What a 100K-Concurrent WebRTC Signaling Architecture Looks Like
What
15 min read
Wed Feb 18 2026

What a 100K-Concurrent WebRTC Signaling Architecture Looks Like

A control-plane deep dive into deterministic room placement, backpressure budgets, autoscaling signals, and failure containment at high concurrency.

WebRTC
LiveKit
Distributed Systems
Realtime

What Changes in WebRTC at 100K Concurrency

At this scale, signaling becomes a control-plane design problem. You need deterministic room placement, admission control, backpressure, and resilient reconnect semantics.

Baseline topology

  • Edge gateway: TLS, auth, and websocket termination.
  • Signaling cluster: room membership, offer/answer routing, ICE lifecycle.
  • Message bus: cross-node fanout for participant updates.
  • Media plane (SFU): isolated from signaling failures.
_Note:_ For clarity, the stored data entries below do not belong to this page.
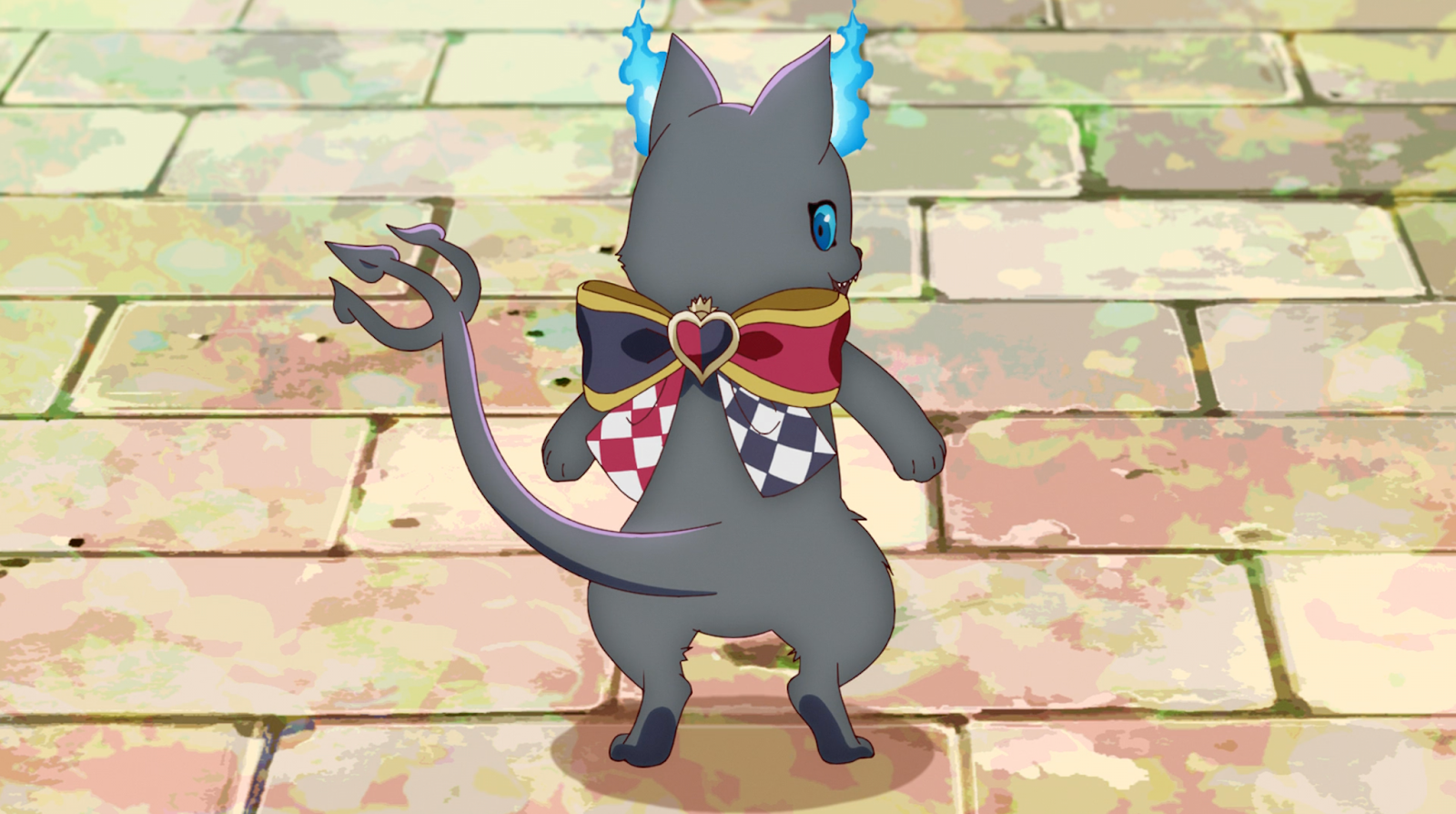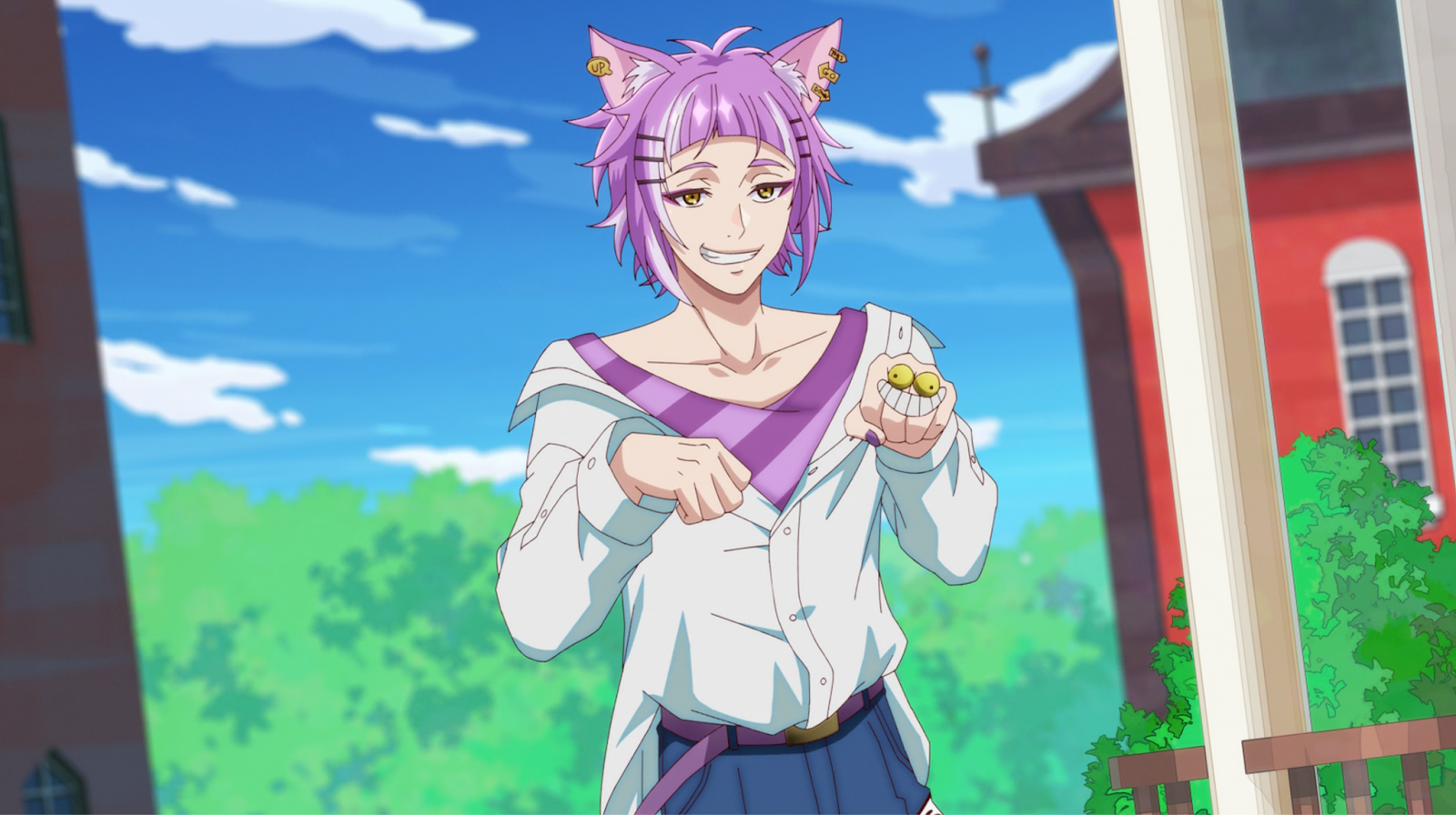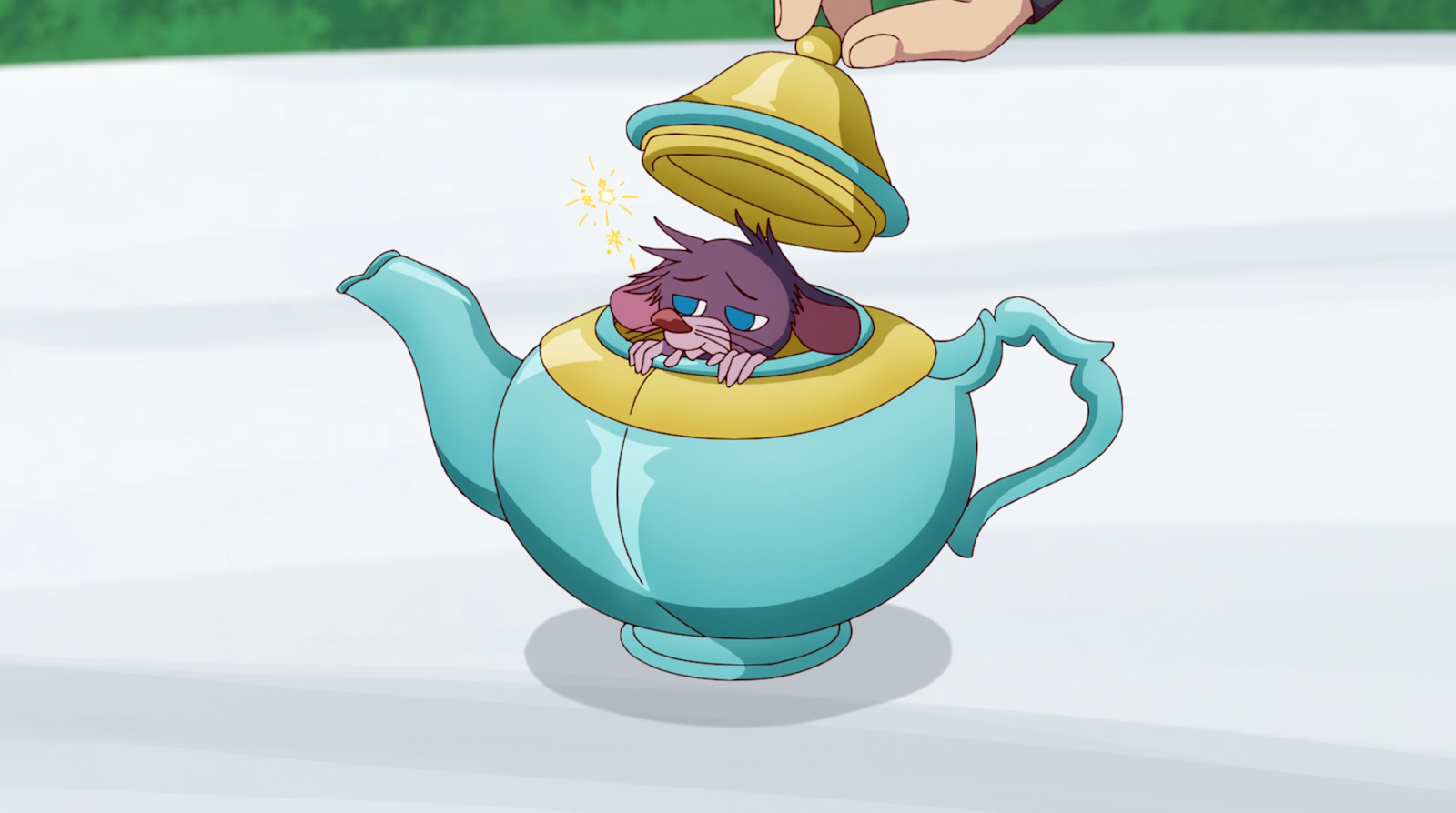 The boys sit around the Heartslabyul gazebo when a floating head appears. “You all look so dashing in your little collars,” the purple cat-eared boy tells them, spooking Grim. The rest of his body appears, and he introduces himself as Artemiy Artemiyevich Pinker, aka Chenya (Kento Hama/Daman Mills). He reveals that he was a childhood friend of Riddle’s, asking them to talk to “four eyes,” meaning Trey, about Riddle’s past. Having caused enough mischief, Chenya disappears the way he arrived, humming “Twas Brillig.”
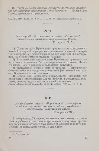 Резолюция об отношении к «ноте Милюкова» принятая на заседании Воронежского Совета. 23 апреля 1917 г. // Газета «Воронежский телеграф», № 87, 27 апреля 1917 г., стр. 3-4.
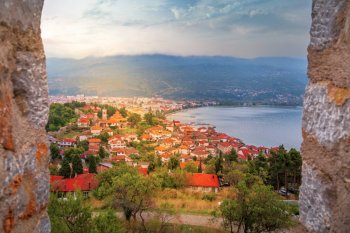 Lacul Ohrid, situat pe frontiera muntoasă dintre Macedonia de Nord...
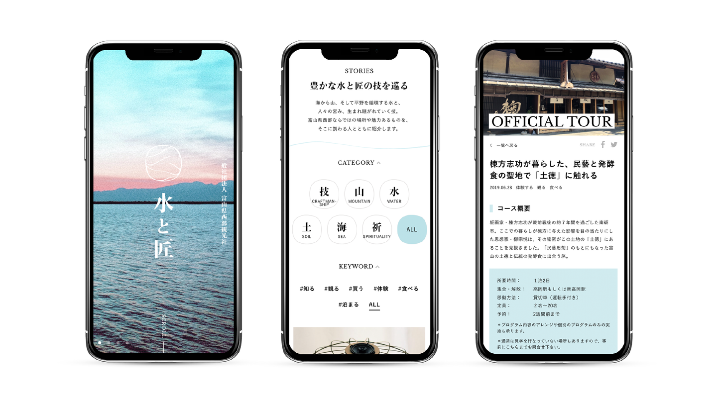 観光を軸にした地域振興の組織「一般社団法人富山県西部観光社 水と匠」の法人立ち上げに際して、ノングリッドがブランディングをサポートしました。
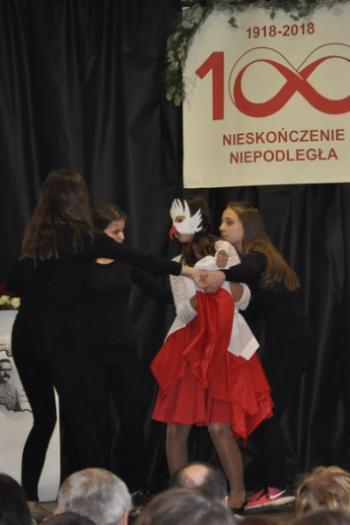 Powitalna piosenka nadała akademii szczególny ton, ponieważ zaśpiewała ją nauczycielka, opiekunka koła wokalnego, w duecie z panią dyrektor. Przemówienia samorządowców wypełniły podziękowania i odwołania do chlubnej przeszłości. Program artystyczny przedstawiony przez młodzież był wyprawą przez burzliwe dzieje, wiodącą przez upadki do szczęśliwego odrodzenia polskiej państwowości.
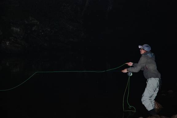 The last light of the day is often a fine time to hook-up on my home waters. It is worth it to wait those final moments and fish right up ‘til dark. You may have to brave a few mosquitoes and nosee’ums though. Also, remember to bring a working flashlight. The trail back to the pickup can be a bit treacherous in the dark!!!

Deterministic Room Placement

Avoid random node selection. Use rendezvous hashing so reconnects tend to land on the same shard when healthy, reducing cross-node chatter and cache misses.

room-placement.tsts
interface SignalingNode {
  id: string;
  region: string;
  activeConnections: number;
  maxConnections: number;
}

function score(nodeId: string, roomId: string) {
  return murmurHash(nodeId + ":" + roomId);
}

export function selectNode(roomId: string, nodes: SignalingNode[]) {
  const healthy = nodes.filter((n) => n.activeConnections < n.maxConnections);
  if (healthy.length === 0) throw new Error("No capacity available");

  return healthy
    .map((node) => ({
      node,
      hash: score(node.id, roomId),
      loadRatio: node.activeConnections / node.maxConnections,
    }))
    .sort((a, b) => b.hash - a.hash || a.loadRatio - b.loadRatio)[0].node;
}

Backpressure and Fanout Discipline

One noisy room can starve a node. Apply per-room and per-connection budgets. Drop non-critical updates first (e.g., speaking indicators) before critical protocol events.

fanout-budget.tsts
class TokenBucket {
  constructor(
    private capacity: number,
    private refillPerSecond: number,
    private tokens = capacity,
  ) {}

  tick(elapsedSeconds: number) {
    this.tokens = Math.min(this.capacity, this.tokens + elapsedSeconds * this.refillPerSecond);
  }

  tryConsume(cost = 1) {
    if (this.tokens < cost) return false;
    this.tokens -= cost;
    return true;
  }
}

export function publishParticipantUpdate(roomBucket: TokenBucket, payload: unknown) {
  if (!roomBucket.tryConsume(1)) {
    metrics.increment("rtc.room_updates_dropped");
    return;
  }

  bus.publish("room.participant.updated", payload);
}

Autoscaling Signals That Matter

CPU alone is insufficient. You need domain metrics in autoscaling: active connections, fanout queue depth, join latency p95, and reconnect failure rate.

signaling-hpa.yamlyaml
apiVersion: autoscaling/v2
kind: HorizontalPodAutoscaler
metadata:
  name: signaling-hpa
spec:
  minReplicas: 8
  maxReplicas: 64
  metrics:
    - type: Pods
      pods:
        metric:
          name: active_websocket_connections
        target:
          type: AverageValue
          averageValue: "1700"
    - type: Pods
      pods:
        metric:
          name: fanout_queue_depth
        target:
          type: AverageValue
          averageValue: "250"
    - type: Resource
      resource:
        name: cpu
        target:
          type: Utilization
          averageUtilization: 65

Resilience principle

If a signaling node dies, blast radius should be shard-local and clients must reconnect within an SLO window. Design for partial failure, not perfect uptime.